Detection of cellulose production capacity of recombinant Escherichia coli strains BL21(DE3) and AAEC191A

Bacteria that form biofilms generate an extracellular matrix (ECM), where cellulose stands out as a key constituent. An approach for assessing microorganisms' cellulose production involves using calcofluor white staining on colonies. In this method, a fluorescent dye (calcofluor-white) is introduced to a stable YESCA substrate composed of casamino acids, agar, and yeast extract. The fluorescent dye specifically attaches to cellulose, enabling bacterial colonies to be observed under ultraviolet light. The study employed YESCA medium supplemented with calcofluor-white, as well as YESCA + 0.2% glucose medium supplemented with calcofluor-white. The dataset contains original photos of bacterial colonies of the following E. coli strains: BL21(DE3)/pCC90, BL21(DE3)/pACYCpBAD, BL21(DE3)/pCC90 Dra D-mut, BL21(DE3)/pCC90 D54-STOP AAEC191A/pCC90, AAEC191A/pACYCpBAD, AAEC191A/pCC90 Dra D-mut, AAEC191A/pCC90 D54-STOP, BL21(DE3), AAEC191A and CFT073. Bacteria were cultured in YESCA medium with the addition of calcofluor-white at a temperature of 25OC and 37OC  for 5 days. Photographs of the colony were taken at one-day intervals.

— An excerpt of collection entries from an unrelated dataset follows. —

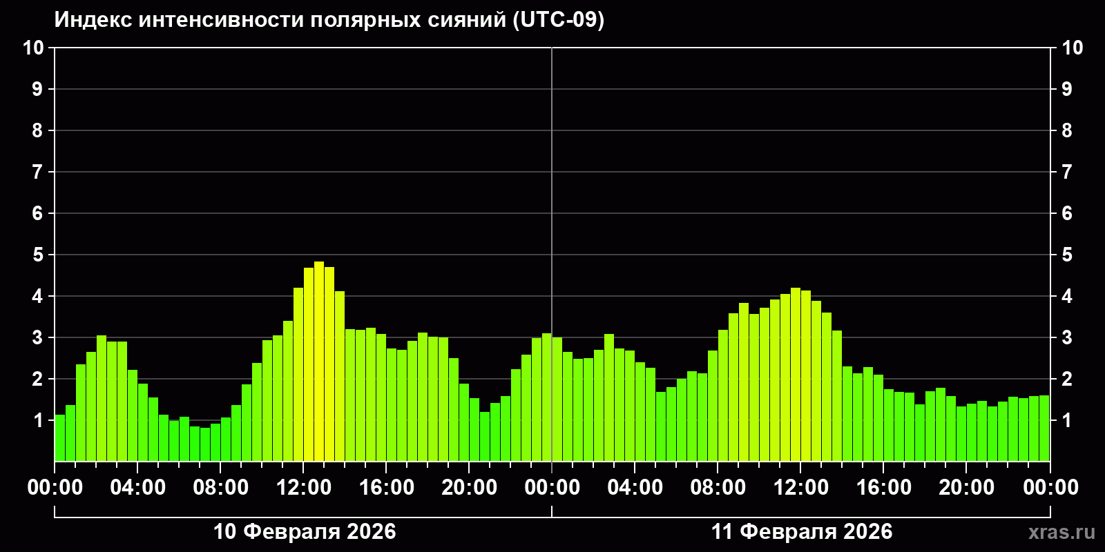 Изменения индекса интенсивности полярных сияний с 2026-02-10 по 2026-02-11 по местному времени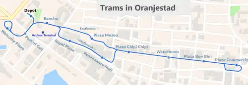 2. ^ "Oranjestad Tramway map (tramz.com)".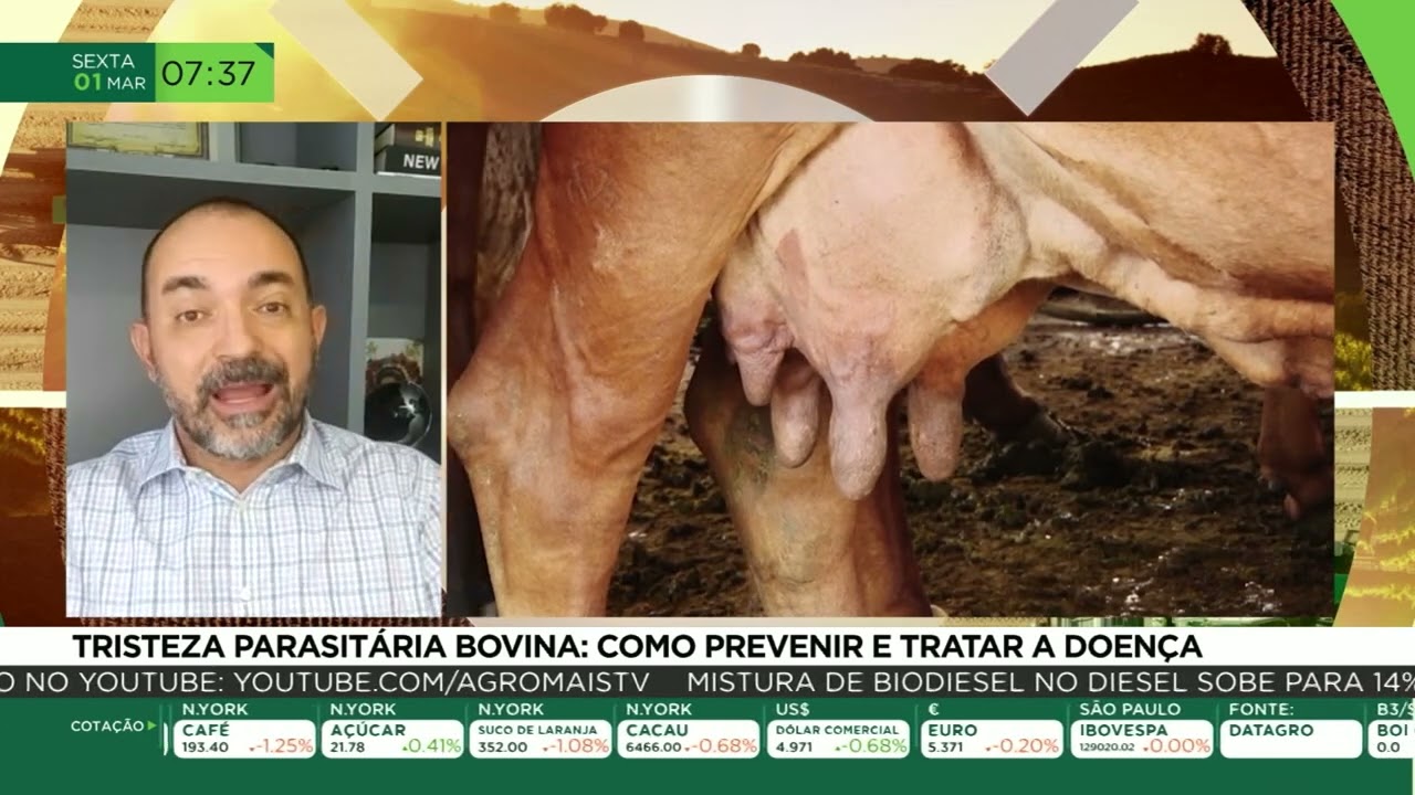 e aí e aí a tristeza parasitária bovina é o nome vulgar de duas doenças que atacam principalmente bezerros são causados por dois agentes etiológicos a base que é um protozoário é na plasma que é uma repete os dois agentes o que eles fazem eles causa anemia no animal como que ele causa em mim ele destrói a márcia quando você tem destruição de hemácias você tem queda de oxigênio ação do animal então o que que o animal apresenta porque tem certeza o animal fica fraco ofegante falta de ar tão feliz ele fica muito quieto então por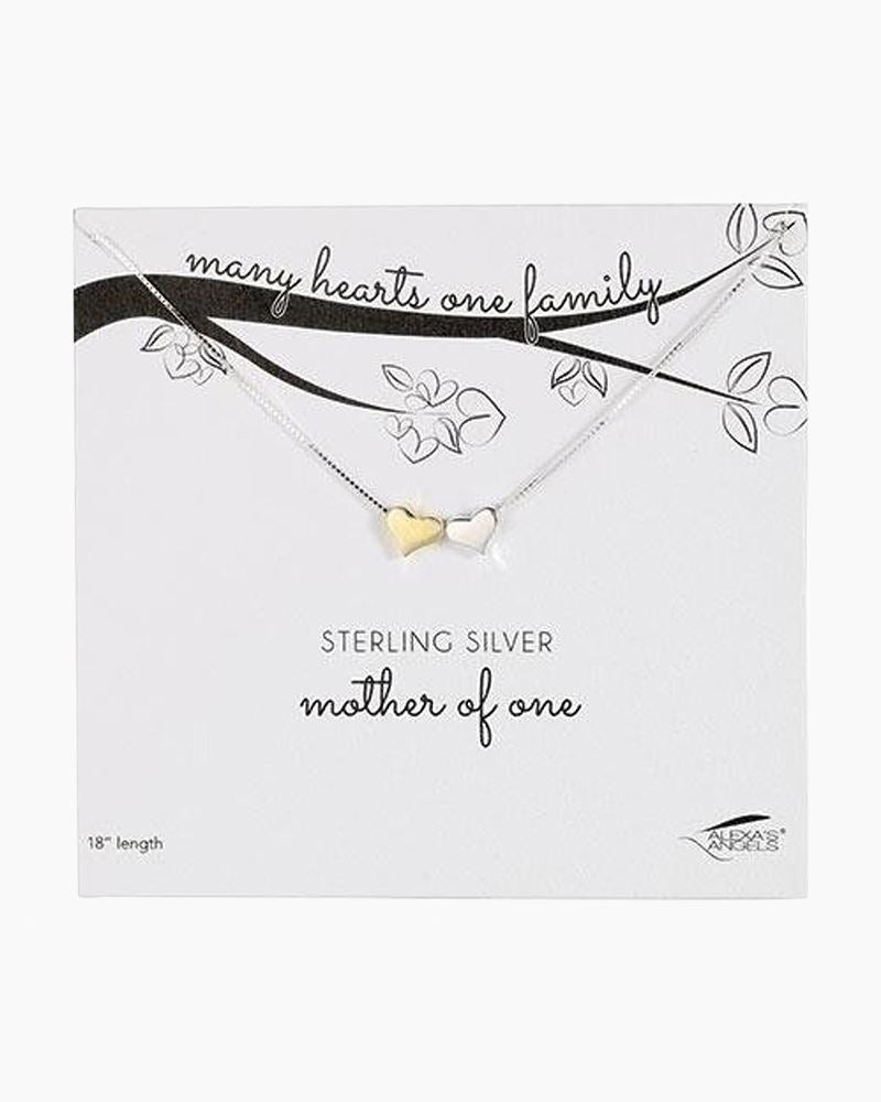 Mother of One Sterling Silver necklace. Features two hearts, one sterling silver and one sterling silver with gold plate.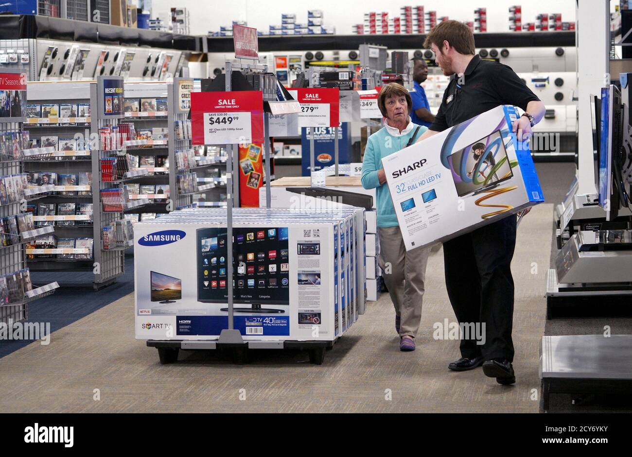 An Employee Helps A Customer With A Television At A Best Buy Store In Denver May 14 2015 Best Buy Co Inc The Largest U S Consumer Electronics Chain On May 21 2015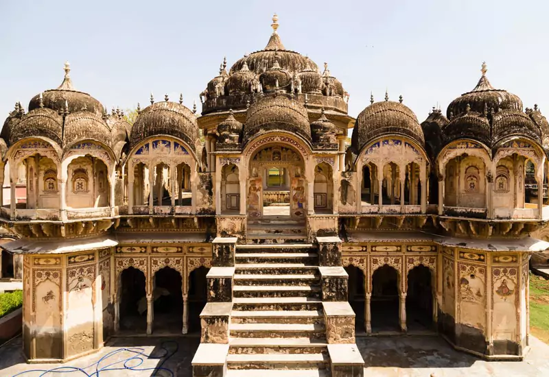 Your journey begins in Delhi and covers Nawalgarh (Shekhawati), Bikaner, Jodhpur, Udaipur, Chittorgarh, Pushkar, Jaipur, Agra, Gwalior, Orchha, Khajuraho, and Varanasi — blending Rajasthan’s regal charm with the spiritual essence of central and northern India.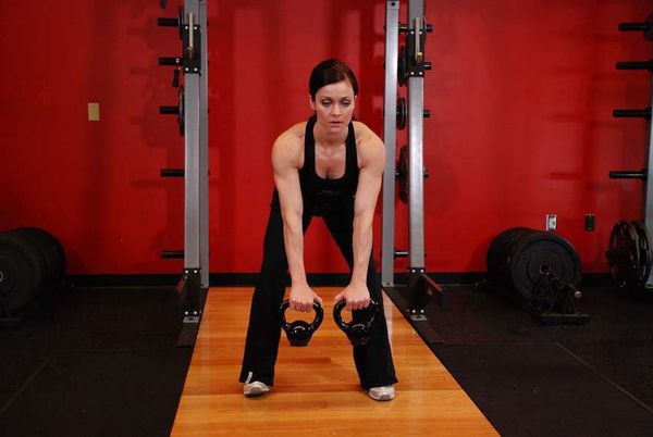 Занять положение стоя с ногами на ширине плеч, взять гирю обеими руками, согнуть ноги в коленях под углом в 30оС. Руки со снарядом удерживать между коленями, перпендикулярно к полу. Выпрямляя спину, нужно выносить гирю на уровень груди или шеи, то есть получается так называемый мах гирей. Далее возврат в исходную позицию. Повторять по возможности.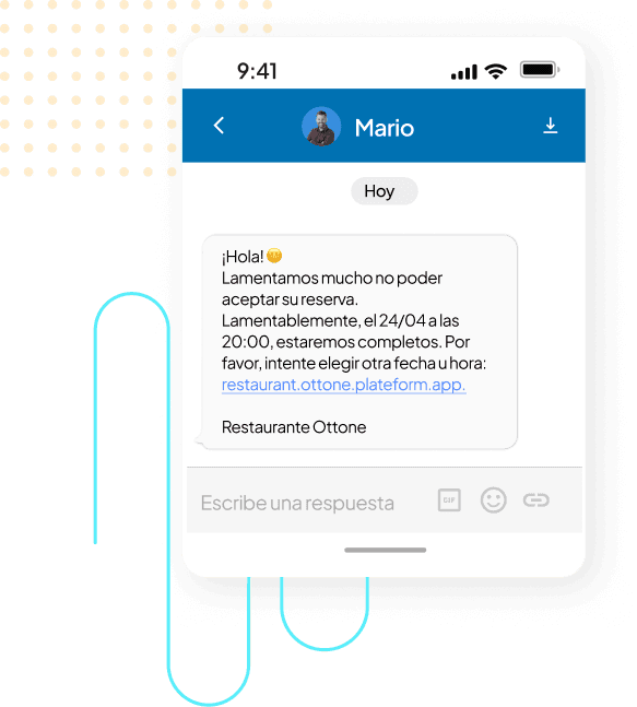 Puedes enviar mensajes ilimitados por WhatsApp para comunicarte sobre reservas y pedidos: desde la confirmación de la reserva, mesa lista, hasta los recordatorios. Aprovecha uno de los canales más utilizados del mundo, ¡sin preocuparte más por recargas!

形成生物膜的细菌会产生细胞外基质（extracellular matrix，ECM），其中纤维素是关键组分。评估微生物纤维素产生能力的一种方法是使用钙荧光白（calcofluor white）对菌落进行染色。在此方法中，将荧光染料钙荧光白（calcofluor-white）加入由酪蛋白氨基酸、琼脂和酵母提取物组成的稳定YESCA底物中。该荧光染料特异性结合纤维素，使细菌菌落可在紫外光下观察。本研究采用添加钙荧光白的YESCA培养基，以及添加钙荧光白的YESCA+0.2%葡萄糖培养基。 该数据集包含以下大肠杆菌（E. coli）菌株的原始菌落照片：BL21(DE3)/pCC90、BL21(DE3)/pACYCpBAD、BL21(DE3)/pCC90 Dra D-mut、BL21(DE3)/pCC90 D54-STOP、AAEC191A/pCC90、AAEC191A/pACYCpBAD、AAEC191A/pCC90 Dra D-mut、AAEC191A/pCC90 D54-STOP、BL21(DE3)、AAEC191A和CFT073。细菌在添加钙荧光白的YESCA培养基中，于25℃和37℃条件下培养5天，每隔一天拍摄菌落照片。